» **Stored records**:
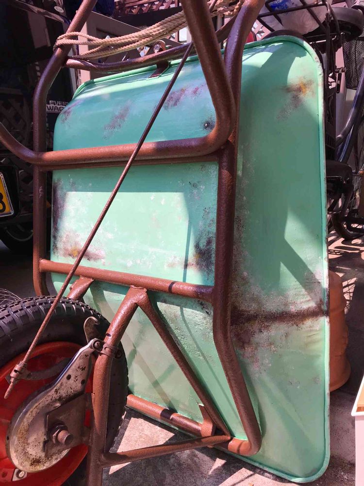ライトグリーンで錆止めした一輪車にサビペイント( ´•౪•`)⌒☆
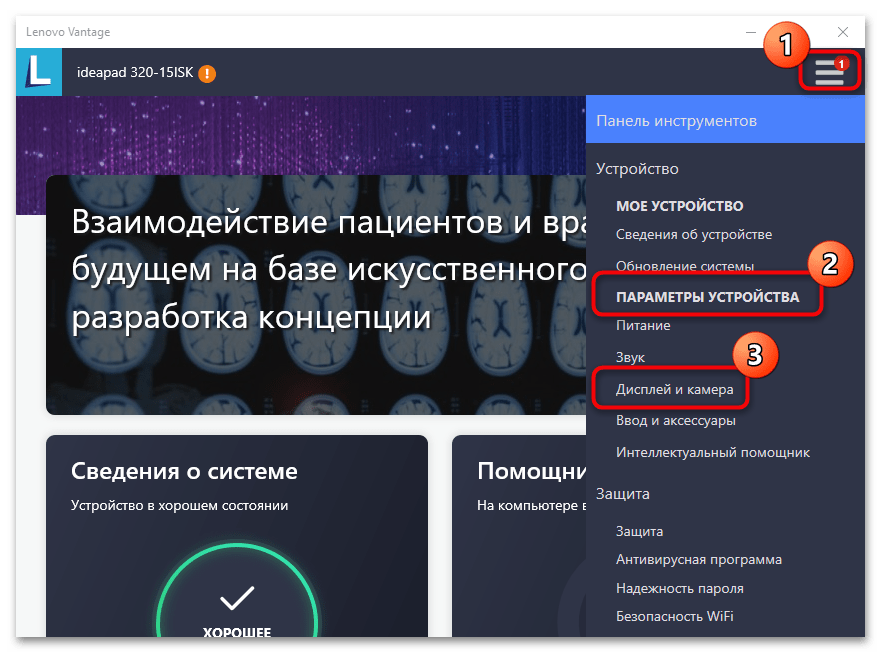 Если не работает встроенная камера на ноутбуке Lenovo, причиной могут быть неправильные настройки в программе Lenovo Vantage. Для восстановления работоспособности сделайте следующее:
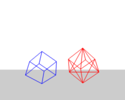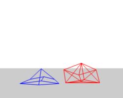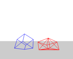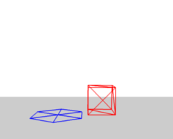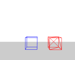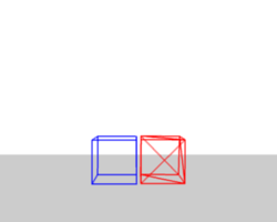 To show the effect of the Stiffness setting, we will drop two cubes onto a plane (see Collisions). The blue cube uses quads, while the red one uses triangles. Both cubes have their Goal setting disabled.
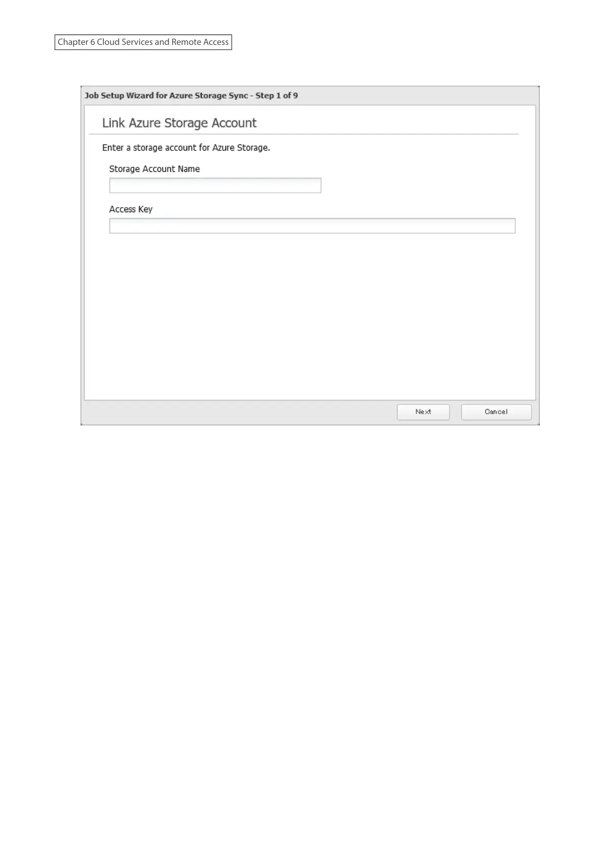 6 The job setup wizard will open. Enter your Azure Storage account name and access key, then click Next.
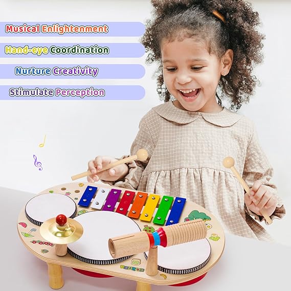 Kids Drum Set for Toddlers,8 in 1 Montessori Musical Instruments,Wooden Preschool Sensory Toys,Percussion Instruments Gifts for Boys and Girls
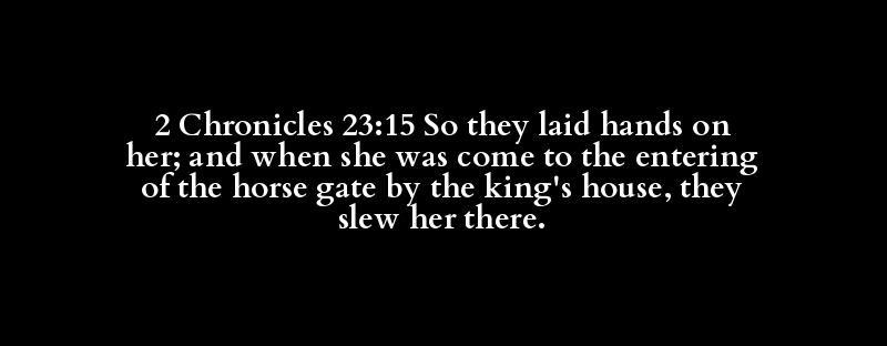 2 Chronicles 23:15 So they laid hands on her; and when she was come to the entering of the horse gate by the king's house, they slew her there.
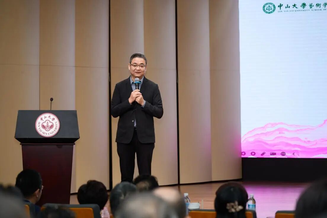 艺术学院党委张哲书记在致辞中,对艺术家许鸿飞先生、林帝浣老师及来宾表示热烈欢迎。他指出,中山大学艺术学院始终坚守“以美育人、以文化人”,通过打造原创作品,将美育融入校园文化建设。张哲书记表示,期待通过两位艺术家的分享,拓宽师生的审美视野,激发更多具有价值的文化思考与艺术实践。

» **Assignment**: To answer, repeat exactly the lines from the line containing "2 Chronicles 23:15" through the last line of the data above, leaving out all pictures.

» **Solution to the problem**:
 2 Chronicles 23:15 So they laid hands on her; and when she was come to the entering of the horse gate by the king's house, they slew her there.
 艺术学院党委张哲书记在致辞中,对艺术家许鸿飞先生、林帝浣老师及来宾表示热烈欢迎。他指出,中山大学艺术学院始终坚守“以美育人、以文化人”,通过打造原创作品,将美育融入校园文化建设。张哲书记表示,期待通过两位艺术家的分享,拓宽师生的审美视野,激发更多具有价值的文化思考与艺术实践。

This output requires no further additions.